Segmentation fault: Address not mapped to object

I’m struggling to run a nested ensemble suite (u-cj824) which has worked perfectly before without issue. The only thing I’ve changed is one of the atmospheric stability options and added two more stash requests.

Now almost all of my ensemble members are getting a segmentation fault on the regional forecast steps. One of them seems to be working OK.

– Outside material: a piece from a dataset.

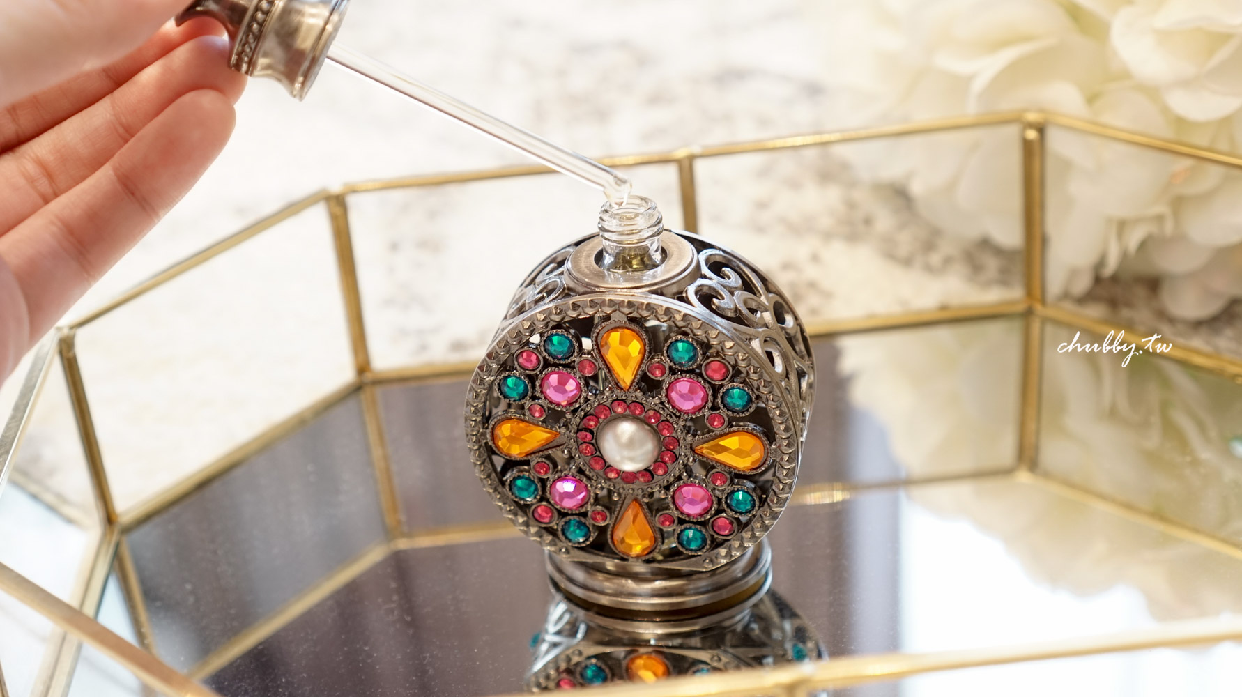 值得一提的是,因為是香精,所以不是用噴灑的方式,而是一根玻璃管,沾取香精出來塗抹到身上。這樣的方式可以準確將香味塗抹到想要的部位,也不會沾取太多,因為真的很濃很濃啊!(到底要強調幾次)
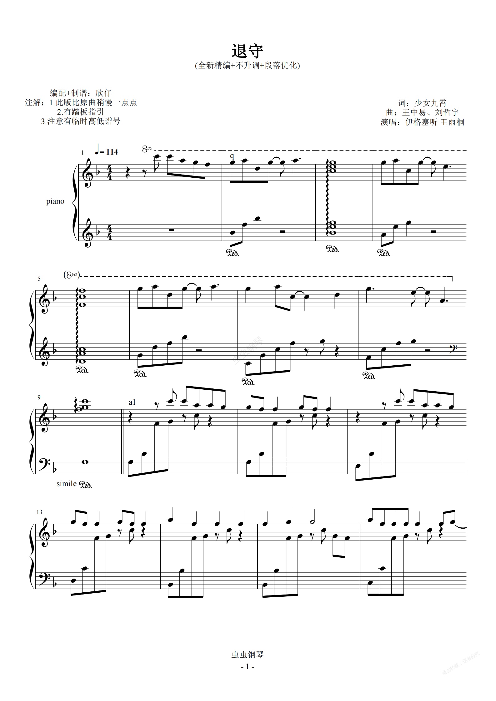 钢琴谱:王雨桐-F《退守》(全新精编+不升调+段落优化)

The majority of the ensemble members’ errors are like this:
_pmiu_daemon(SIGCHLD): [NID 07066] [c8-2c2s6n2] [Wed Sep 7 20:38:53 2022] PE RANK 108 exit signal Segmentation fault
[NID 07066] 2022-09-07 20:38:53 Apid 178344511: initiated application termination
[FAIL] um-atmos # return-code=137
2022-09-07T20:38:59Z CRITICAL - failed/EXIT

And one of them has this:
[74] exceptions: An exception was raised:11 (Segmentation fault)
[74] exceptions: the exception reports the extra information: Address not mapped to object.
[74] exceptions: whilst in a serial region
[74] exceptions: Task had pid=3220 on host nid06532
[74] exceptions: Program is “/home/d02/ajohnson/cylc-run/u-cj824/share/fcm_make/build-atmos/bin/um-atmos.exe”
[74] exceptions: calling registered handler @ 0x20022280
Warning in umPrintMgr: umPrintExceptionHandler : Handler Invoked
[74] exceptions: Done callbacks
[74] exceptions: *** GLIBC ***
[74] exceptions: Data address (si_addr): 0x7ffffffff000; rip: 0x2046f6c8
_pmiu_daemon(SIGCHLD): [NID 06532] [c6-2c0s1n0] [Wed Sep 7 19:07:05 2022] PE RANK 74 exit signal Segmentation fault
[NID 06532] 2022-09-07 19:07:06 Apid 178339545: initiated application termination
[FAIL] um-atmos # return-code=137
2022-09-07T19:07:09Z CRITICAL - failed/EXIT

Do you know what this could be?

Amethyst

What stash did you add?

Grenville

hi Grenville, I actually added three: surface total moisture flux (03223), meridional momentum flux (30316) and BL total moisture flux (03222)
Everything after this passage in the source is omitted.